Would you retype the whole listing exactly, leaving its pictures out?

Data excerpt:
.....
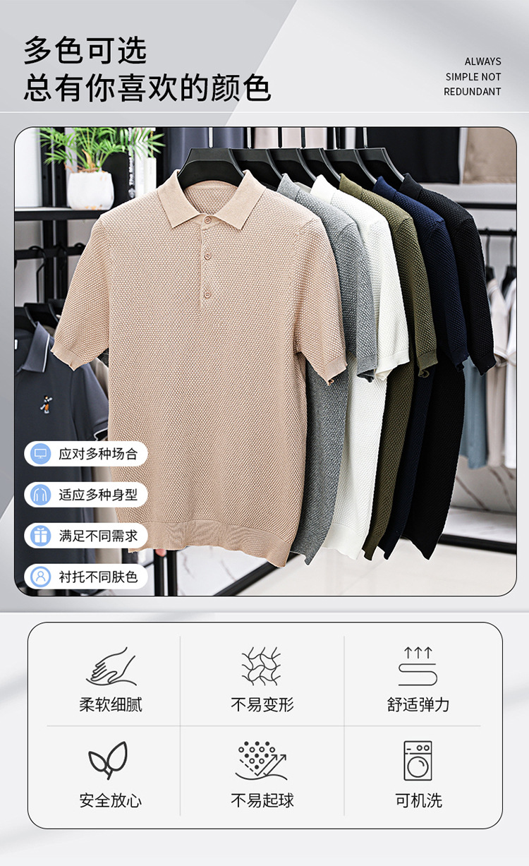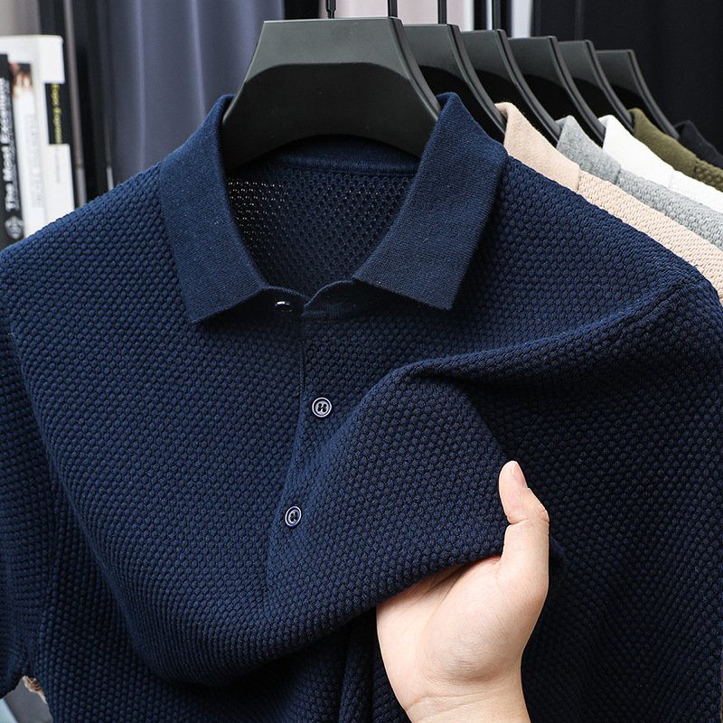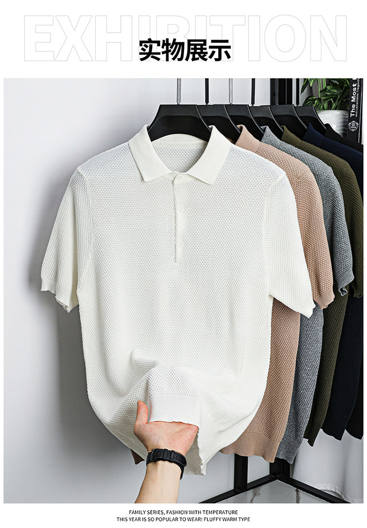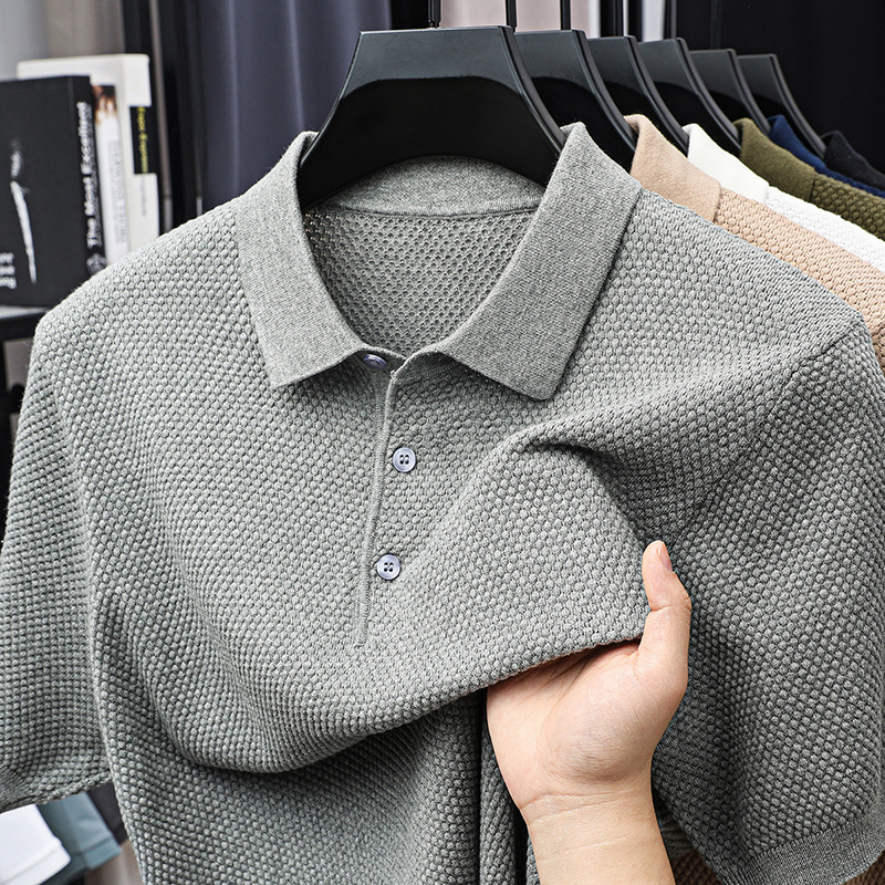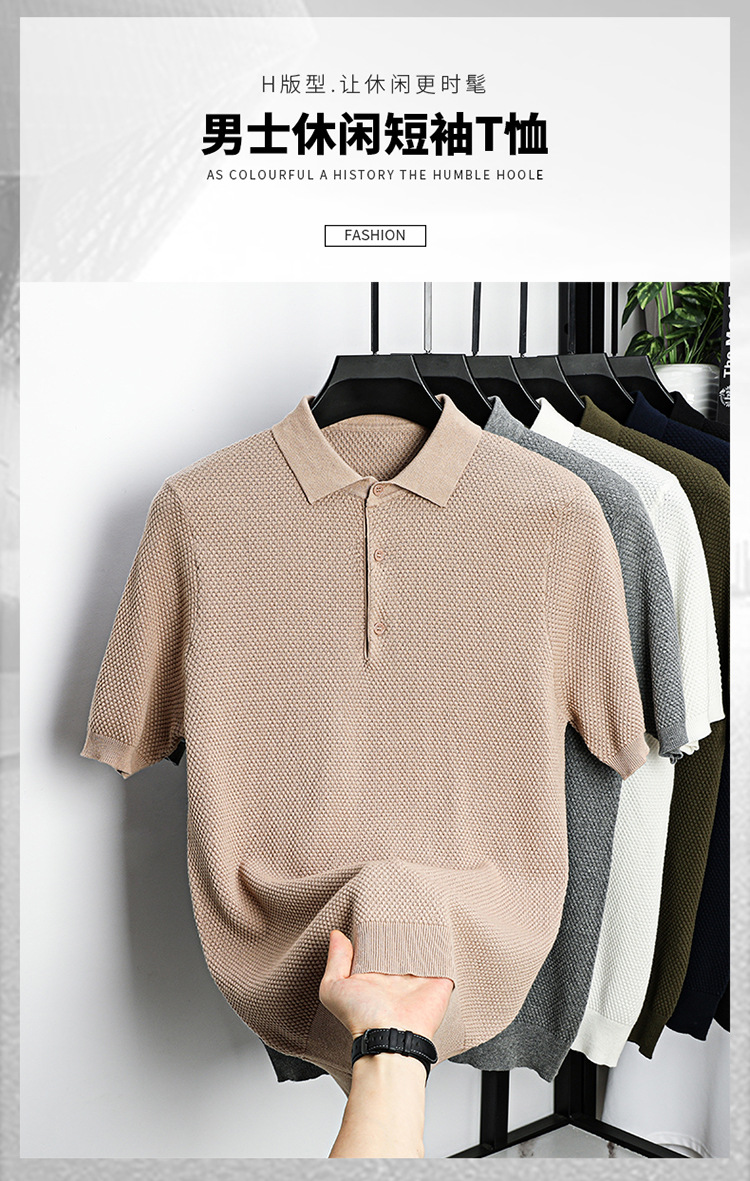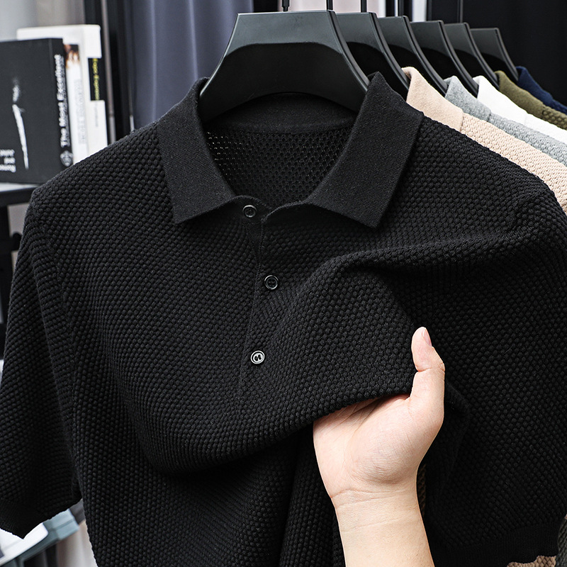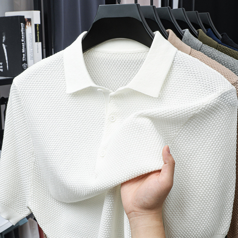 라이브 방송 인기 순면 파인애플 패턴 니트 폴로 셔츠 반팔 남성 여름 패션 가벼운 럭셔리 질감 옷깃 티셔츠스토어 가기
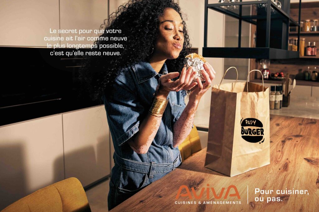Un des six visuels de la campagne d’affichage déployée par Cuisines AvivA (et imaginée par l’agence Grinta) pour accompagner le lancement de sa nouvelle plate-forme de marque.
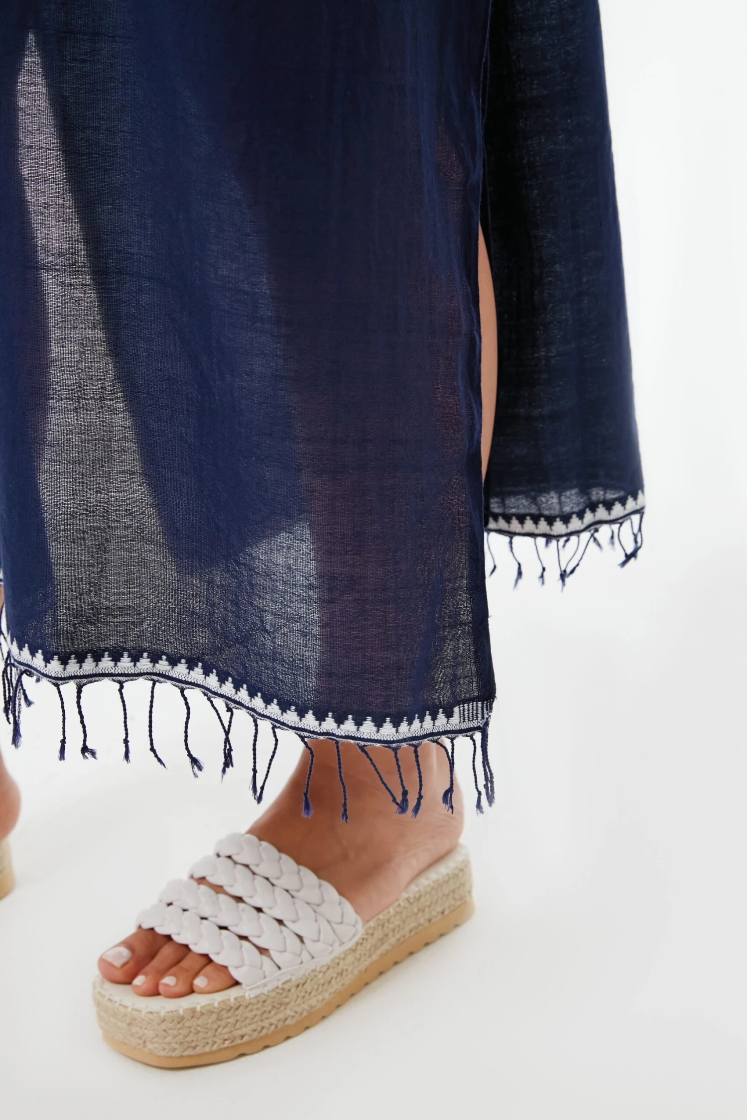 A quintessential resort style, we are loving the Navy Nunu Classic Caftan. With an ultra-wearable V-neckline, as well as breezy side slits and a fun fringed hem, this effortlessly elegant silhouette will keep you cool whether apres swim, lounging, or on the go. A powerful packing list item, this easy maxi can act as a coverup when worn over a bikini, or a casual dress when styled with sandals and statement jewelry.
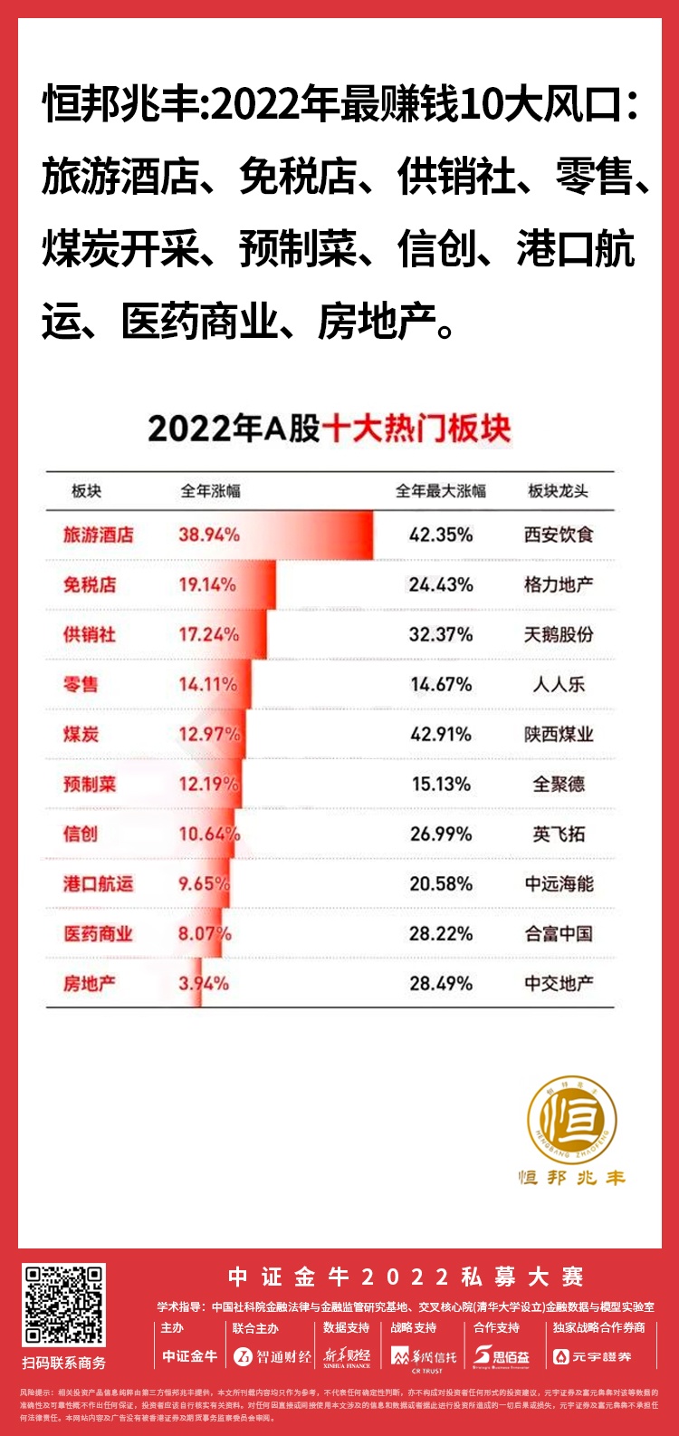 智通财经APP获悉,由元宇证券独家战略支持的中证金牛2022私募大赛于12月1日正式启动,赛事正如火如荼开展。近期不少参赛机构研究团队及产品主理人就市场走势和行业展望发表真知灼见。深圳市恒邦兆丰私募证券基金管理有限公司指出,2022年A股十大热门板块分别是旅游酒店、免税店、供销社、零售、煤炭开采、预制菜、信创、港口航运、医药商业、房地产。
.....
Written answer:
 라이브 방송 인기 순면 파인애플 패턴 니트 폴로 셔츠 반팔 남성 여름 패션 가벼운 럭셔리 질감 옷깃 티셔츠스토어 가기
Un des six visuels de la campagne d’affichage déployée par Cuisines AvivA (et imaginée par l’agence Grinta) pour accompagner le lancement de sa nouvelle plate-forme de marque.
 A quintessential resort style, we are loving the Navy Nunu Classic Caftan. With an ultra-wearable V-neckline, as well as breezy side slits and a fun fringed hem, this effortlessly elegant silhouette will keep you cool whether apres swim, lounging, or on the go. A powerful packing list item, this easy maxi can act as a coverup when worn over a bikini, or a casual dress when styled with sandals and statement jewelry.
 智通财经APP获悉,由元宇证券独家战略支持的中证金牛2022私募大赛于12月1日正式启动,赛事正如火如荼开展。近期不少参赛机构研究团队及产品主理人就市场走势和行业展望发表真知灼见。深圳市恒邦兆丰私募证券基金管理有限公司指出,2022年A股十大热门板块分别是旅游酒店、免税店、供销社、零售、煤炭开采、预制菜、信创、港口航运、医药商业、房地产。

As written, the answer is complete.